#### [About this exercise]
Transcribe word for word the section of the records below that opens with the line containing "Los vecinos, con" and closes with the line containing "GROVIA Triple Scissor"; drop every picture.

#### [Dataset content]
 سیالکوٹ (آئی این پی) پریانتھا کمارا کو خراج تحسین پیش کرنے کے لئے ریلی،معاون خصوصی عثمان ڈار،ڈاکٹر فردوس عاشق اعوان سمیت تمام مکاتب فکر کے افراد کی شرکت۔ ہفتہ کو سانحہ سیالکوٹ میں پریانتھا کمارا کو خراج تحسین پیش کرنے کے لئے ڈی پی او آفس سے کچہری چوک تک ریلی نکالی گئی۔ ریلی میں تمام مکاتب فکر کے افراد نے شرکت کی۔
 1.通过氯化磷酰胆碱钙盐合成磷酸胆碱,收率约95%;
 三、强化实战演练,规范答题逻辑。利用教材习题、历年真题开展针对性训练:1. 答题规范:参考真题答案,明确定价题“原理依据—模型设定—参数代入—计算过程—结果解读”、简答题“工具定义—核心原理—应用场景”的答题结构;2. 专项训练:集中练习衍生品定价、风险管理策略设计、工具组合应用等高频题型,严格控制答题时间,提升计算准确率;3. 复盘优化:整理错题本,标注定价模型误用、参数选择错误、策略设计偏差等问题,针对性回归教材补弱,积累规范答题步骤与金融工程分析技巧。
...
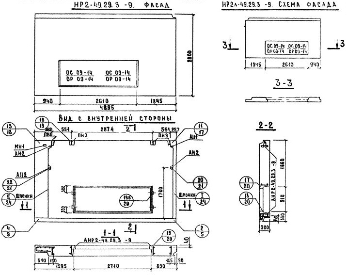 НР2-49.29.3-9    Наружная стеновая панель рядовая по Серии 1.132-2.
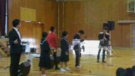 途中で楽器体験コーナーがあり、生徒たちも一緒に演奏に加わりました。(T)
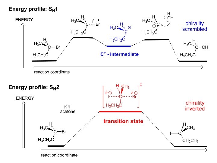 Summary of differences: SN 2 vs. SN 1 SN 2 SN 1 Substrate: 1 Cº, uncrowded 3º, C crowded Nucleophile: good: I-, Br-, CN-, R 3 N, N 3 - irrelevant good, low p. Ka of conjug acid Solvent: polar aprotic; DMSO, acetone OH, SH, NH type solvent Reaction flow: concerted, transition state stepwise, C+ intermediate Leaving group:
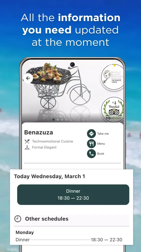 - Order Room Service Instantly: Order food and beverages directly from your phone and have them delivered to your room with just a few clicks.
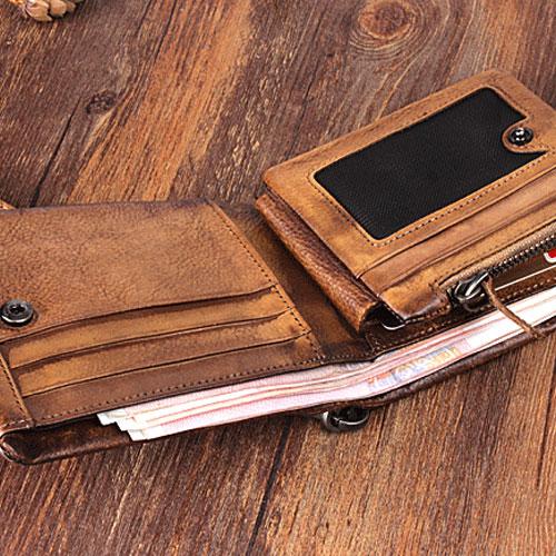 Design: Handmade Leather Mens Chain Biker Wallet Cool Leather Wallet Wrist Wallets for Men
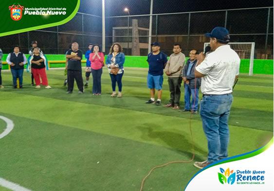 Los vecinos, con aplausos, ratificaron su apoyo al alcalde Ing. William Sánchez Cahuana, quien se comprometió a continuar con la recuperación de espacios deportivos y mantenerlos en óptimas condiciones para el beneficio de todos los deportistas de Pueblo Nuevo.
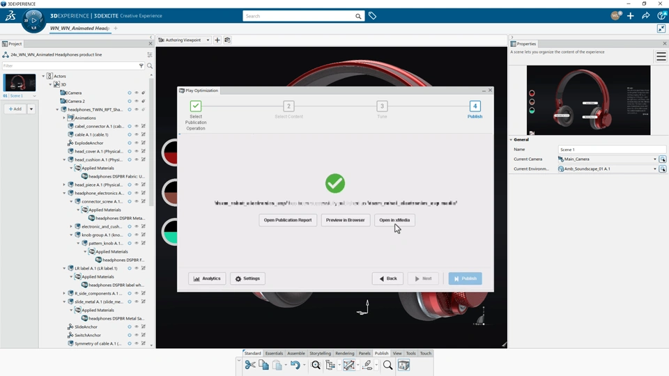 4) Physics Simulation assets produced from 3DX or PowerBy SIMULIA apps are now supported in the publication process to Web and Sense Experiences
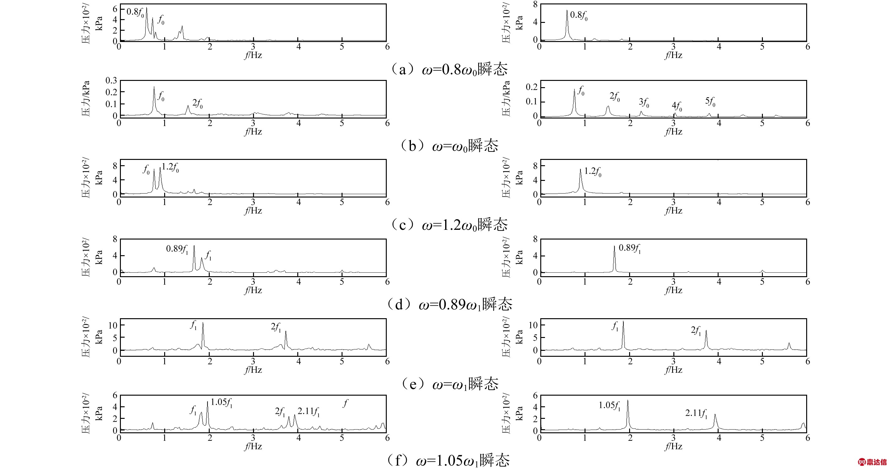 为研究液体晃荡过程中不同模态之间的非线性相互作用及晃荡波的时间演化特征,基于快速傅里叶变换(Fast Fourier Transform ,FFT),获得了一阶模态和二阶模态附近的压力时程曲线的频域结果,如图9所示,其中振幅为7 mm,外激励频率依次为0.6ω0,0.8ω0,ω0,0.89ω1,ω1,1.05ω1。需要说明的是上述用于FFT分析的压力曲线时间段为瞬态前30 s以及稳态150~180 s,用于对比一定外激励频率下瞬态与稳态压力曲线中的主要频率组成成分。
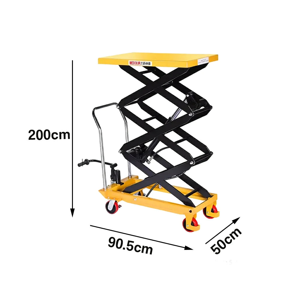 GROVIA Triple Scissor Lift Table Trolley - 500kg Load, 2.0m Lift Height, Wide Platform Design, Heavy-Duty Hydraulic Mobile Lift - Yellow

#### [The answer]
 Los vecinos, con aplausos, ratificaron su apoyo al alcalde Ing. William Sánchez Cahuana, quien se comprometió a continuar con la recuperación de espacios deportivos y mantenerlos en óptimas condiciones para el beneficio de todos los deportistas de Pueblo Nuevo.
 4) Physics Simulation assets produced from 3DX or PowerBy SIMULIA apps are now supported in the publication process to Web and Sense Experiences
 为研究液体晃荡过程中不同模态之间的非线性相互作用及晃荡波的时间演化特征,基于快速傅里叶变换(Fast Fourier Transform ,FFT),获得了一阶模态和二阶模态附近的压力时程曲线的频域结果,如图9所示,其中振幅为7 mm,外激励频率依次为0.6ω0,0.8ω0,ω0,0.89ω1,ω1,1.05ω1。需要说明的是上述用于FFT分析的压力曲线时间段为瞬态前30 s以及稳态150~180 s,用于对比一定外激励频率下瞬态与稳态压力曲线中的主要频率组成成分。
 GROVIA Triple Scissor Lift Table Trolley - 500kg Load, 2.0m Lift Height, Wide Platform Design, Heavy-Duty Hydraulic Mobile Lift - Yellow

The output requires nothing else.